A corollary to the first element, counsel cannot be found ineffective for failing to
pursue a baseless or meritless claim. Commonwealth v. Roney, 79 A.3d 595, 604 (Pa.
2013); Commonwealth v. Washington, 927 A.2d 586, 603 (Pa. 2007); Commonwealth
v. Harvey, 812 A.2d 1190, 1199 (Pa. 2002). With regard to the second, the
reasonable basis element, we do not question whether there
were other more logical courses of action which counsel
could have pursued; rather, we must examine whether
counsel's decisions had any reasonable basis."
[Commonwealth v.] Hanible, [30 A.3d 426,] 439 [(Pa. 2011)]
(citation omitted). We will conclude that counsel's strategy
lacked a reasonable basis only if the Defendant proves that
a foregone alternative "offered a potential for success
substantially greater than the course actually pursued."
[Commonwealth v.] Spotz, [18 A.3d 244] 260 [Pa. 2011]

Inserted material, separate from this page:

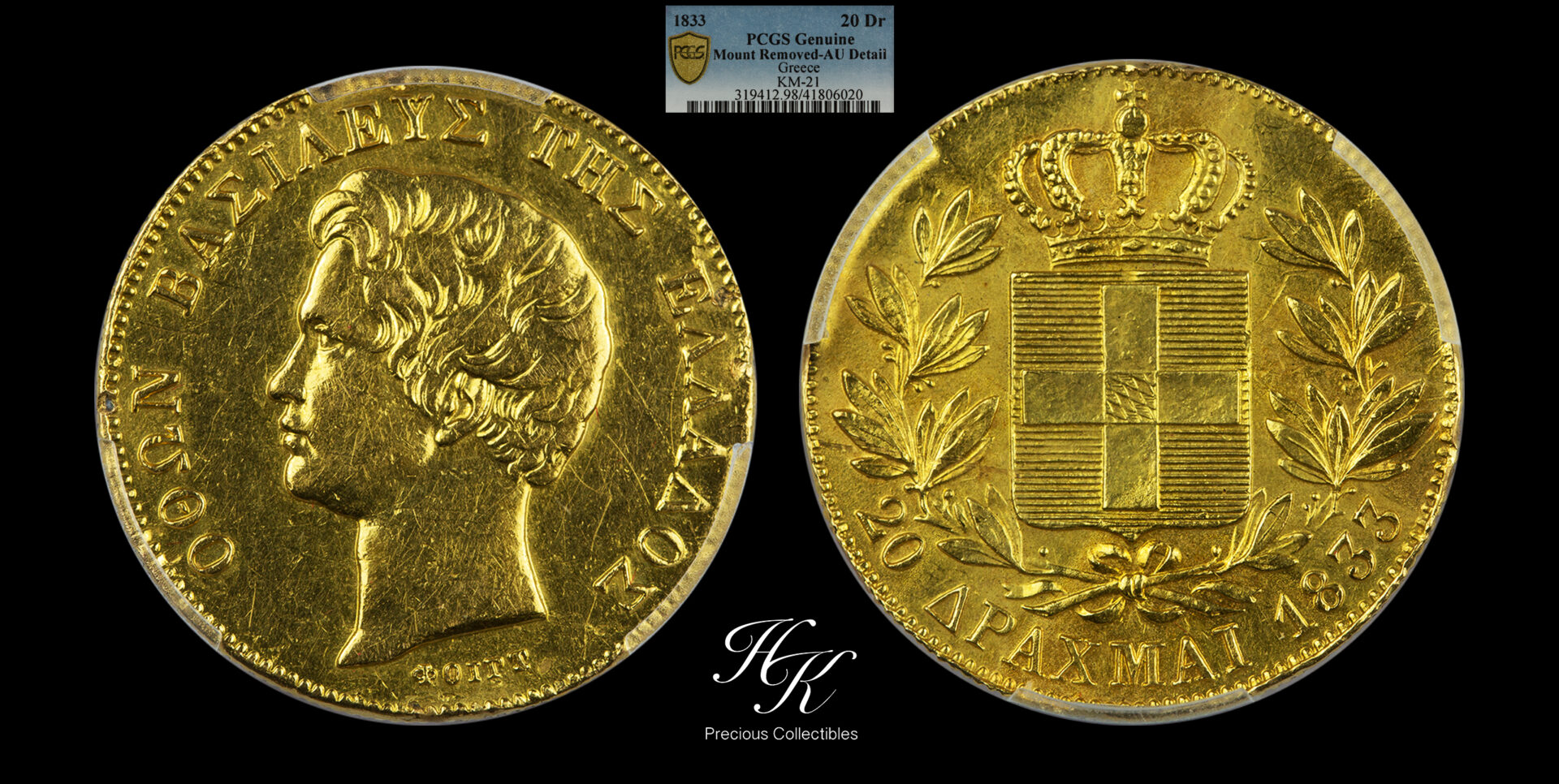 20 δραχμές 1833 Όθων PCGS AU DETAILS Ελλάδα

(citation omitted). To establish the third, the prejudice
element, the Defendant must show that there is a
reasonable probability that the outcome of the proceedings
would have been different but for counsel's action or
inaction. Id.
Roney, 79 A.3d at 604.
Since a Defendant must prove all three prongs of the Strickland/Pierce test, if he
fails to prove any one of the prongs, the ineffectiveness claim may be dismissed on
that basis alone without the need to determine whether the other two prongs have
been met. Commonwealth v. Basemore, 744 A.2d 717 (Pa. 2000). Similarly, because
claims of ineffective assistance of counsel are not self-proving, a Defendant cannot
prevail unless he properly develops the claim. Thus, when a Defendant fails to preperly
plead all three prongs, or, having done so, to develop the claim, the Defendant is not
entitled to relief and the court may find the claim waived for lack of development See
Commonwealth v. Steele, 961 A.2d 786 (Pa. 2008).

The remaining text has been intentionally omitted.